Quote:
Originally Posted by AlanPi I was apparently exposed to Hep B at birth. 1973. Apparently back in the day they don't have vaccinations of Hep B for babies yet.
Currently the virus is not active. What is the chance of it becoming active again in life term? I don't know what I can do, if any? |
Hi, this is also a very good question. (see my answer to your first question in the previous thread).

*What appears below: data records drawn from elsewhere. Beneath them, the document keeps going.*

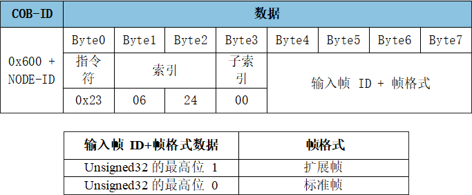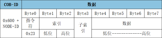 SDO寫入對象字典中數(shù)據(jù)類型的長度為32位參數(shù)命令:
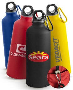 Squeeze em alumínio com acabamento mate e mosquetão para facilitar o transporte. Capacidade até 550 ml.
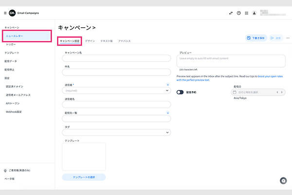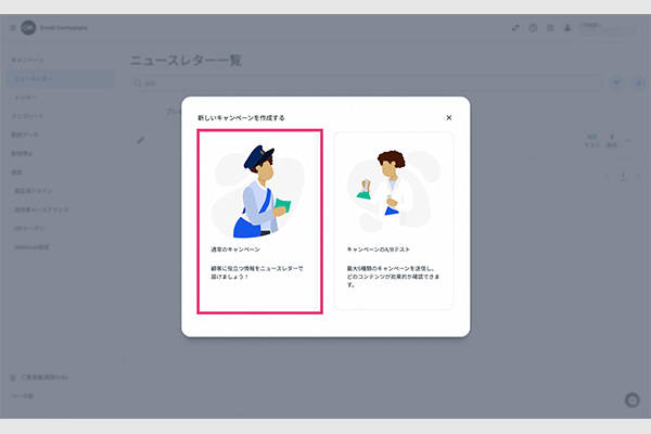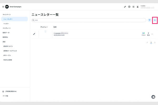 「ニュースレター」の右上の「+」ボタンから、新しいキャンペーンを作成します。
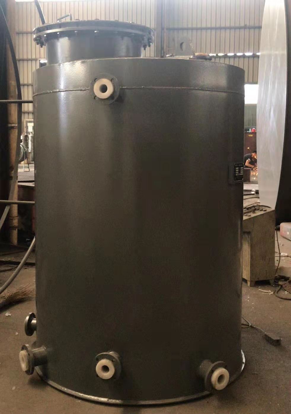 防腐緩沖罐以碳鋼罐為基本,內襯聚乙烯,它既有鋼罐的機械性能,又有塑料儲罐的耐腐蝕,緩結垢,不易生長微生物的特點,是儲存酸堿液體的理想容器。為了配合鋼襯塑儲罐使用的工況,鋼襯塑儲罐底板下表面采用的涂料需要選擇耐磨性能好的防腐涂料。國內常用于底板下表面的涂料有硅酸鹽涂料、液態環氧涂料、聚氨酯涂料等。聚氨酯涂料的硬度較低,一般不選用。
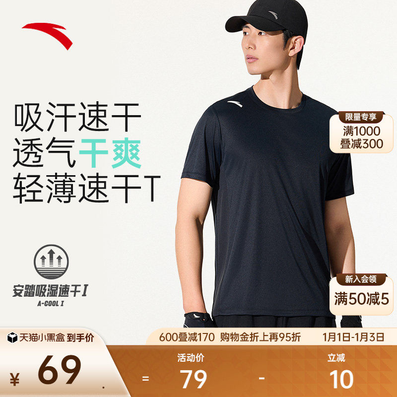 安踏速干T丨运动短袖t恤男士夏季跑步健身训练上衣透气针织衫

Assuming you are a chronic carrier (which is a good bet because 90% of babies who are exposed at birth and do NOT get the HBIg, become chronic carriers) there are a few different patterns to how your
liver reacts.
So first off, it's not the virus itself that damages your liver--it's your immune system fighting the virus which is what causes the damage.
FIRST
STAGE
From birth to about 20 years of age, chronic carriers of hepatitis B have high levels of virus in their
liver, but their
liver remains healthy and NOT inflamed because the immune system has not decided to attack yet.
SECOND
STAGE
At some point in one's 20s, the immune system decides it's going to attack the virus and try to rid the body of it. At this point the
liver becomes inflamed (the person may become jaundiced) but the amount of virus drops to undetectable levels. From here you can go a number of ways:
#1. The inflammation continues firing on, the
liver gets really really ill and you end up getting permanent
liver damage and
failure and need a
liver transplant. Fortunately this is relatively rare.
#2. The inflammation settles down and the amount of virus STAYS undetectable, and it continues like this forever. This is the best situation.
#3. The inflammation settles down and the amount of virus stays undetectable, but you have periods where your immune system gets revved up again for a few weeks, causing damage to your
liver over time. THESE ARE THE PEOPLE
LIVER SPECIALISTS WANT TO CATCH BECAUSE YOU NEED TO TREAT THEM WITH MEDICATIONS
#4. There is also the people in whom the
liver inflammation settles down, but the viral load stays medium to high. If there is no inflammation, you don't necessarily need to treat these people, but you have to watch them closely.
As you can see, this is somewhat complicated because, #3 can easily masquerade as #2, because a lot of the time the inflammation is happening, there are no symptoms. It is very important to follow every chronic carrier of Hepatitis B with serial blood examinations to make sure there is no asymptomatic inflammation happening.
Finally, the last VERY VERY VERY important thing. All chronic active carriers of Hepatitis B are at risk for
liver cancer even in the absence of
liver cirrhosis or
liver inflammation (which is in contrast to infection with Hepatitis C). As a result, it is recommended that, after the age of 40, every single person who is a chronic carrier of Hepatitis B start getting abdominal ultrasounds every 6months for the rest of their lives.